Scripts contain a combination of data and transformations. Often the
transformations are idiosyncratic, and rely heavily on functions
provided by various packages. Sometimes the script contains a useful
chunk of code that could be reused in different places. Examples we've
encountered in this course might include GC-content of DNA sequences
(or is there a function for that already? check out `r
Biocpkg("Biostrings")`!) and creating a simple 'map' from one type of
annotation to another.

It is easy and beneficial to create a package. 

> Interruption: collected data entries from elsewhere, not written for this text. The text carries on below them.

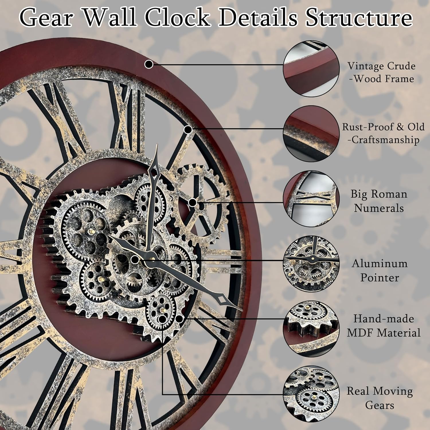 - 【Real Moving Gear Clock】All gears for the wall clock are real moving! Design with rustic bronze-color and industrial style. An creative combination of four gears for a retro look, has a very exquisite decorative effect makes the wall clock become a chic art works. The large wall clock crafted of nature wood & MDF. Big roman numeral numbers and wood rustic moving gears perfect for any room decor.
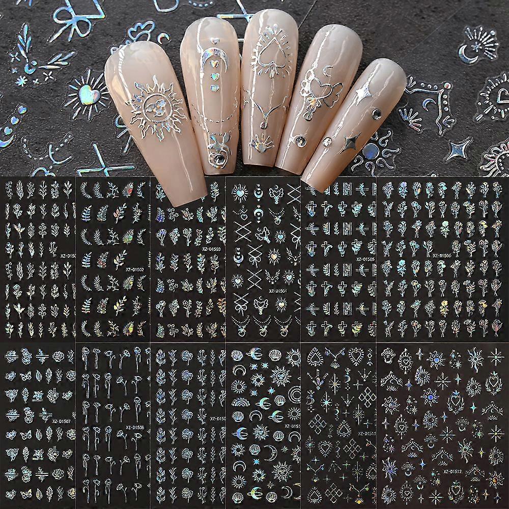 12pcs/set 3D Silver Laser Sun/Star Moon Nail Sticker Holographic Bronzing Rose Leaf Nail Decal Adhesive Nail Art Decora 8*10cm
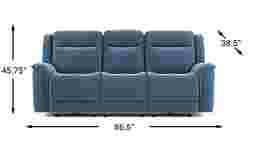 The Meadow Park Cobalt Reclining Sofa features a manual reclining mechanism. This means you can easily adjust your position using a lever or handle, providing a traditional and straightforward way to recline and relax.
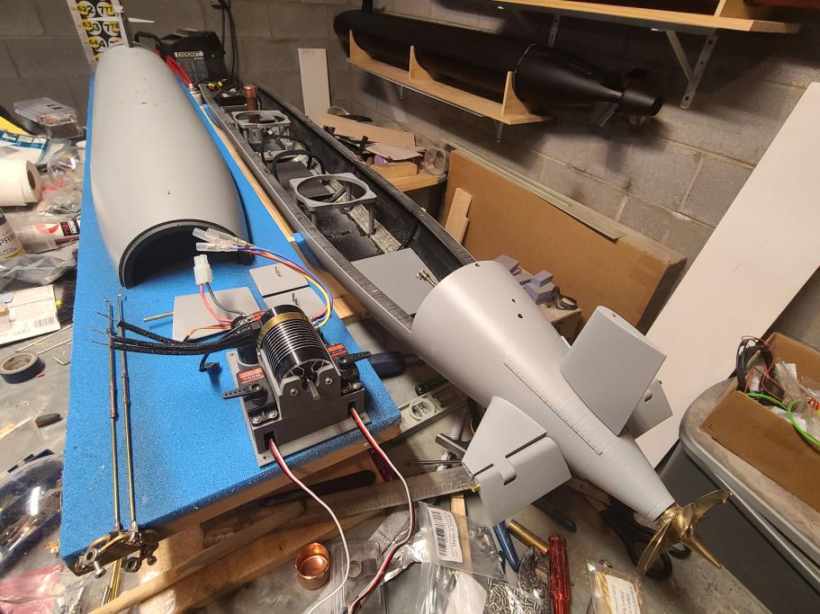 Latest progress on the THRESHER. All the trays are installed, pushrods for stern planes made and all necessary components acquired. I need to wire it up but I want to get it painted before it gets too cold here so that will be my next order of business.

- Only need to think carefully about how to implement the function once.
- Code in the package is reused -- if you correct an error, then all
  your scripts automatically benefit.
- Share with your lab mates / colleagues for consistent results, and
  with the wider community for fame and glory.
  
What is an _R_ package?

- Simple directory structure of required files. Minimal:

        MyPackage
        |-- DESCRIPTION (title, author, version, etc.)
        |-- NAMESPACE (imports / exports)
        |-- R (R function definitions)
            |-- gc.R
            |-- annoHelper.R
        |-- man (help pages)
            |-- MyPackage.Rd
            |-- gc.Rd
            |-- annoHelper.Rd
  
Check out the _Rstudio_ package wizard!

## Lab

### GC-content

Write a function that takes a `DNAStringSet` and returns the GC content.

Modify the function using a conditional statement to work whether
provided a `DNAString` or a `DNAStringSet`. Test the function.

Save the function in a file on your AMI.

### Annotation-helper

Write a function that takes as its argument Ensembl gene identifiers
(like the `rownames()` of the _SummarizedExperiment_ object in the
RNASeq vignette yesterday) and uses the `select()` method and
annotation package `r Biocannopkg("org.Hs.eg.db")` to return a named
character vector, where the names of the vector are the Ensembl
identifiers and the values are the corresponding gene SYMBOLs. Adopt
some simple-to-implement policy for handling Ensembl identifiers that
map to more than one gene symbol. Save this function to another file

### A package

Use the _RStudio_ wizard to create a package from the files containing
your GC-content and annotation-helper functions.